### Input data
##########

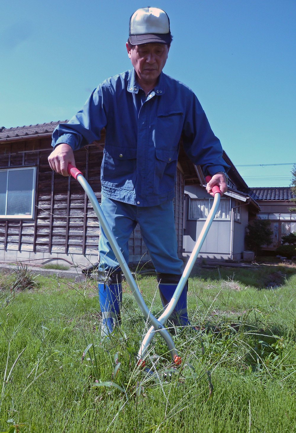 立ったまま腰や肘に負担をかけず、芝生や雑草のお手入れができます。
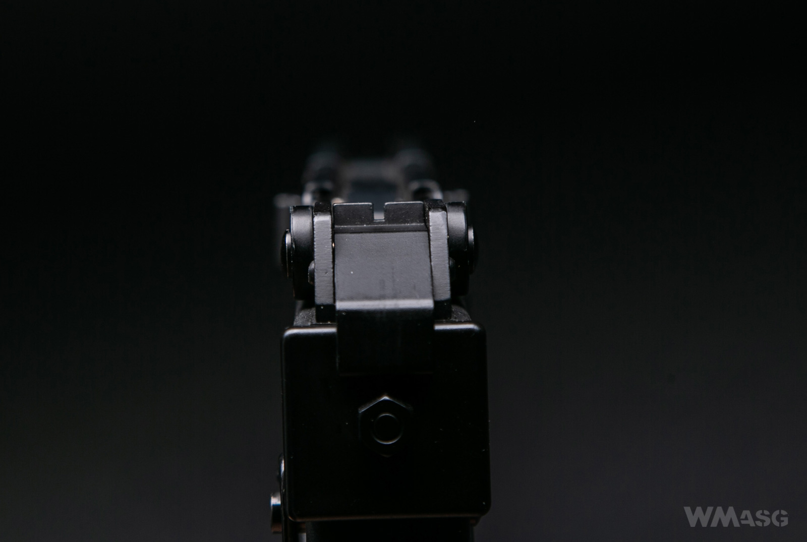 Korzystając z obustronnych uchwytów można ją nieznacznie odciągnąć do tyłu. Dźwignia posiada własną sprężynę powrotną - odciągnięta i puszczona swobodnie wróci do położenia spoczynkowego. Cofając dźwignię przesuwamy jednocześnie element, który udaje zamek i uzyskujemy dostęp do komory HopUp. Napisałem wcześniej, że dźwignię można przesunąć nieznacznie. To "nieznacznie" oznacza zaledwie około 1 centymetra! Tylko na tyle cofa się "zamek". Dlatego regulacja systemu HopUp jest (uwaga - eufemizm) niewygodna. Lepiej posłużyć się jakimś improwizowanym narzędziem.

##########

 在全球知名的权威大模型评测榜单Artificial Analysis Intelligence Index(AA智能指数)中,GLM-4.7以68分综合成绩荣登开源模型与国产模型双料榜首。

##########

### Exercise details
Copy exactly the lines of the listing above between the one holding "立ったまま腰や肘に負担をかけず、芝生や雑草のお手入れができます。" and the one holding "Korzystając z obustronnych", inclusive; omit all pictures.

### Answer space
 立ったまま腰や肘に負担をかけず、芝生や雑草のお手入れができます。
 Korzystając z obustronnych uchwytów można ją nieznacznie odciągnąć do tyłu. Dźwignia posiada własną sprężynę powrotną - odciągnięta i puszczona swobodnie wróci do położenia spoczynkowego. Cofając dźwignię przesuwamy jednocześnie element, który udaje zamek i uzyskujemy dostęp do komory HopUp. Napisałem wcześniej, że dźwignię można przesunąć nieznacznie. To "nieznacznie" oznacza zaledwie około 1 centymetra! Tylko na tyle cofa się "zamek". Dlatego regulacja systemu HopUp jest (uwaga - eufemizm) niewygodna. Lepiej posłużyć się jakimś improwizowanym narzędziem.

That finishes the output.